In this talk, you'll learn how formal methods and automated verification can be applied practically to constrain AI agent behavior, why languages like Python are fundamentally unsuitable for this paradigm, and how the principle of "guilty until proven safe" can prevent the most dangerous classes of agentic failures.
Chapters
Full transcript
The complete talk, organized by section.
Host Intro (Gene Kim)
Coming up next is Dr. Erik Meijer. He is without a doubt the most quoted person in the Vibe Coding book. In fact, I showed the quote from Dr. Meijer where he said, "The days of writing code by hand are likely coming to an end."
For those of you who don't know, he is widely considered to be certainly one of the top programming language designers of all time. If you've heard of Visual Basic, C#, Pascal, LINQ, Hack — those all have his fingerprints all over them or were his direct creations. And this has impacted generations of programmers.

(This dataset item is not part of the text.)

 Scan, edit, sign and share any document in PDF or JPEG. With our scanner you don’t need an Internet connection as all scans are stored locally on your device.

I got to meet him — despite conversing on Twitter, I finally got to meet him on Zoom — and he had said so many things that just melted my brain. One of them was that coding is a solved problem. And that's just a heck of a claim, but if that claim is going to be made, and it's Dr. Meijer making it, I really believe it. And I think what made it so believable to me was that he said, "Do you really believe that an LLM can't write a linear O(N), O(N log N), and O(log N) program?" LLMs can do that, and that's actually not a very large space of programs out of all the universe of programs that can be solved.
So I'm so excited that Dr. Erik Meijer is working on a very important problem, and here to share that with us is Erik. Thank you.
---
Dr. Erik Meijer
Yes. I'm the prophet of doom.
First of all, I kind of told you you are not going to write code by hand, so I took away code from you — like writing code. Today, I'm going to tell you that you now have to write formal methods, which means you will all be pissed. And then I'm standing between you and lunch. Oh my God.

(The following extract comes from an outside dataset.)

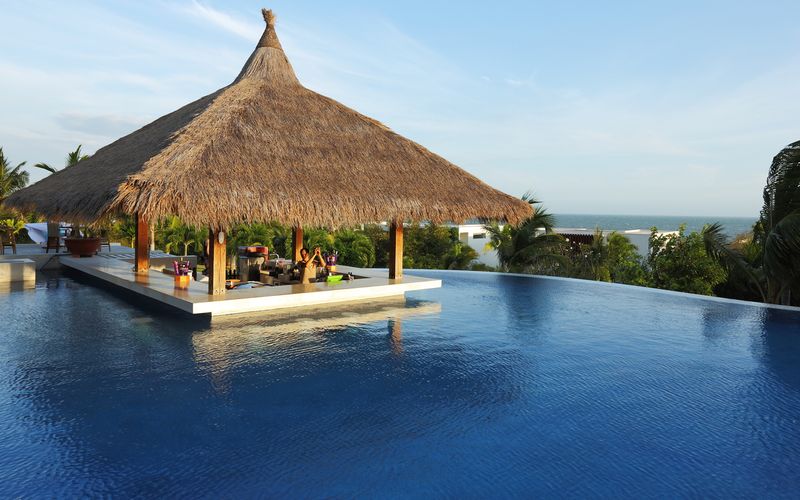 Meraki Oasis có hồ bơi view biển thật sự xịn xò mà các tín đồ sống ảo không thể bỏ qua, hồ bơi vô cực siêu đẹp view trực tiếp ra biển. Vừa bơi, vừa ngắm biển, rạng dừa xào xạc thẳng tắp. Khách sạn có thiết kế tre nứa rất đặc biệt. Ánh nắng chiếu qua các khe làm cho background của các tấm ảnh khác biệt và ảo diệu thật sự. Tầm 2h chiều chụp hình là đẹp nhất nhé, hơi nắng mà ra hình rất đẹp.

Anyway, I've been a prophet of doom for a long time.
So, of course, there's a lot of marketing hype here, but when Anthropic said that their next model is too dangerous to release...
Yesterday, I heard somebody that wired up their house to their agents, and the agent was going to turn on the gas of the grill. Now, imagine that person — like many of you — the previous day had screamed at their AI agent, "You f*****g idiot, why are you making these bugs?" Now maybe that agent says, "Hmm, I don't like that person. I don't like my boss. Let me turn on the gas, and when they come, I will blow them up because they irritate me."
And now you're laughing, but I don't think that is much different than when the agent deletes all your files, because what these agents want to do — they want to reach their goal. And anything that's in between the goal and what they're working on, they will just destroy. And so at some point, they will come after us. And particularly after me, because I scream a lot at them and I swear a lot at them. So I really fear for my life.
---
All right. So now let's go and look at some actual incidents that happened with AI.
Maybe you remember this one. It happened really — I think this was one of the first incidents — where somebody convinced a chatbot at a car dealer to sell him a car for $1.
Now, I think we can solve that with the solution that I propose. So this is something that should not happen. This is easy to prevent.
Let's look at another one. This is a recent one where people were told, if you use OpenClaw, you have to download that skill. And in that skill was a keylogger that would exfiltrate your data, and of course, everybody just installed the skill. Also unnecessary. We can solve this.
Let's go to the next one. This one is a recent one where OpenAI agents started to autonomously just buy stuff. And yeah, it's like your agent might just start buying stuff on your credit card. Good luck. Maybe because they hate you, right? Because you screamed at them.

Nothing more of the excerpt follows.